Thank you very much for submitting your manuscript "SUMO-targeted Ubiquitin Ligases regulate protein homeostasis and pathogenesis of Candida glabrata" for consideration at PLOS Pathogens. As with all papers reviewed by the journal, your manuscript was reviewed by members of the editorial board and by several independent reviewers. In light of the reviews (below this email), we would like to invite the resubmission of a significantly-revised version that takes into account the reviewers' many insightful comments, which are clearly explained and do not need comment from my side. Two reviewers also suggest to test the virulence of the mutants in animal infection models, since the paper claims that the STUbLs regulate pathogenicity. I would not be surprised if the disturbance of a central cellular function reduces the fitness of a pathogen in its host and do not insist on such experiments. If you do not wish to add animal infection experiments, however, the title of the paper and corresponding statements in the text should be modified accordingly.

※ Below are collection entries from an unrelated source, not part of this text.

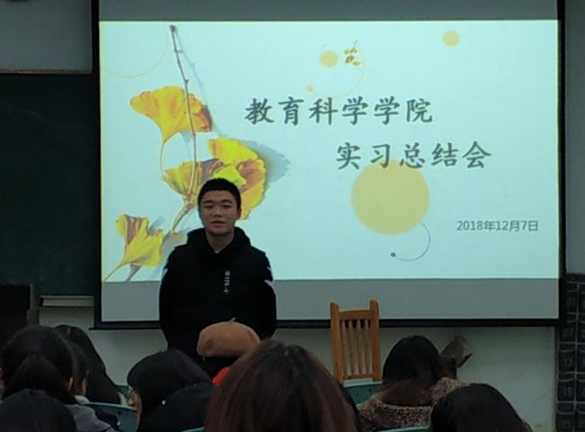 刘涛老师首先介绍了此次学前教育专业实习的基本情况,并对此次总结的意义和要求作了介绍。随后,各实习单位小组长代表各实习小组对实习期间的基本情况、收获与感想做了详细的汇报,并对实习工作提出了意见和建议。
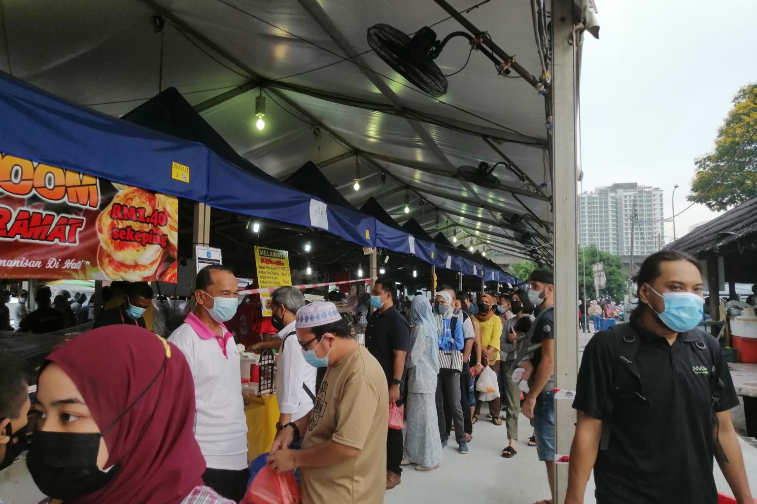 Crowds queue closely at the Ramadan bazaar in Kuala Lumpur, on April 16, 2021.
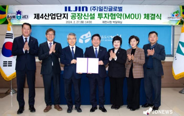▲ 일진글로벌 투자협약식제천시는 27일 제천시청에서 자동차 부품 전문기업인 ㈜일진글로벌(대표 송영수)과 제4산업단지 공장 신설 투자협약을 체결했다.이날 협약식은 김창규 제천시장, 이정임 제천시의회 의장, 일진글로벌 송영수 대표이사 등 대내·외 관계자가 참석한 가운데 진
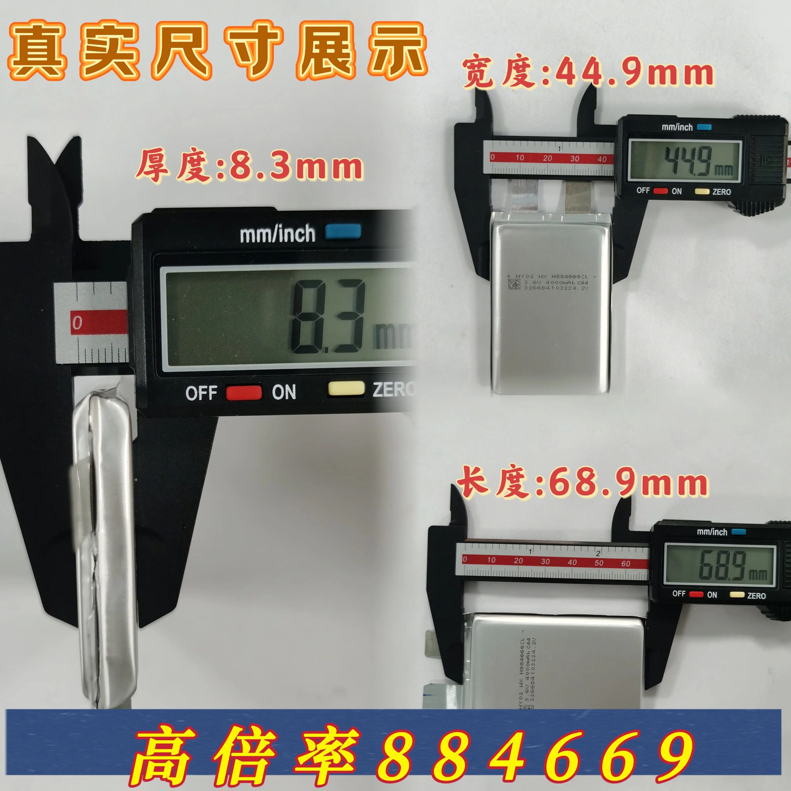 3.6V快充电池高倍率电芯884669 3850mah适用无人机扫地机电动工具
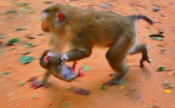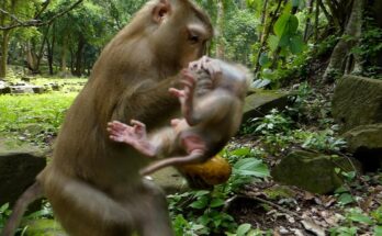 The quiet forest turned tense today as a heartbreaking scene unfolded between Luna, a young mother monkey, and her tiny newborn, Baby Lynx. At first, the pair looked inseparable—Luna clutched …

A question that occurred to me when reading the paper: Do you have an explanation for why a proteasome inhibitor (MGI32) does so strongly (ca. 10-fold increase in CFUs) improve the growth of C. glabrata wild-type cells even in the absence of stress conditions (Fig. 6E)?

We cannot make any decision about publication until we have seen the revised manuscript and your response to the reviewers' comments. Your revised manuscript is also likely to be sent to reviewers for further evaluation.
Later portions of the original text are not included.